我使用下面的PHP代码生成一个新的图像文件并将其传输到一个新目录。但是,当我这样做时,我收到一个错误,说文件名不能为空。
错误是什么?
<?php
$file = "assets/images/posts/original/2018/Dec/22/b1132bbdf75.png";
function processjpg($filename){
list($width,$height) = getimagesize($filename);
$newwidth = 870;
$newheight = 450;
$imagetruecolor = imagecreatetruecolor($newwidth,$newheight);
$newimage = imagecreatefromjpeg($filename);
imagecopyresampled($imagetruecolor,$newimage,0,0,0,0,$newwidth,$newheight,$width,$height);
file_put_contents("/app", imagejpeg($imagetruecolor,'newjpg.jpg',100));
echo $filename." Processed";
};
processjpg($file);
exit();
?>
如果我不使用file_put_contents并且只使用imagejpeg($imagetruecolor,'newjpg.jpg',100),那么默认它会保存在执行脚本的目录中,我希望它转移到自定义目录。
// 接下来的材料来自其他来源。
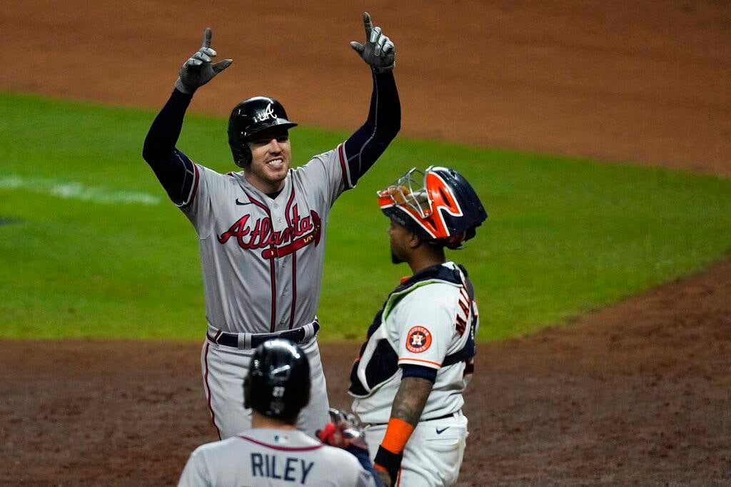 En la séptima entrada, Freeman pegó sólido por todo el jardín central y se fue sobre la verja para poner el juego 7-0. Freeman, el primera base de los Bravos, consiguió su sexto cuadrangular durante los playoffs con lo que igualó a un jugador histórico de la franquicia, Fred McGriff, quien logró esa marca en 1996.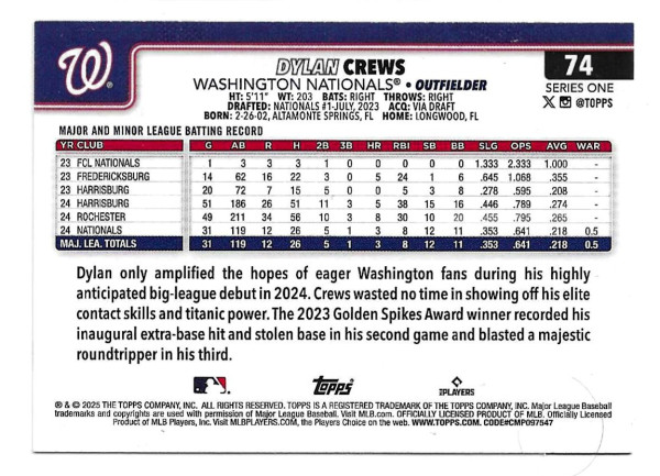 2025 TOPPS #74 DYLAN CREWS (RC)

imagejpeg()为你编写文件,你不需要file_put_contents()
<?php
$file = "assets/images/posts/original/2018/Dec/22/b1132bbdf75.png";
function processjpg($filename)
{
list($width, $height) = getimagesize($filename);
$newwidth = 870;
$newheight = 450;
$imagetruecolor = imagecreatetruecolor($newwidth, $newheight);
$newimage = imagecreatefromjpeg($filename);
imagecopyresampled($imagetruecolor, $newimage, 0, 0, 0, 0, $newwidth, $newheight, $width, $height);
imagejpeg($imagetruecolor, "/app/newjpg.jpg", 100);
echo $filename . " Processed";
}
processjpg($file);
exit();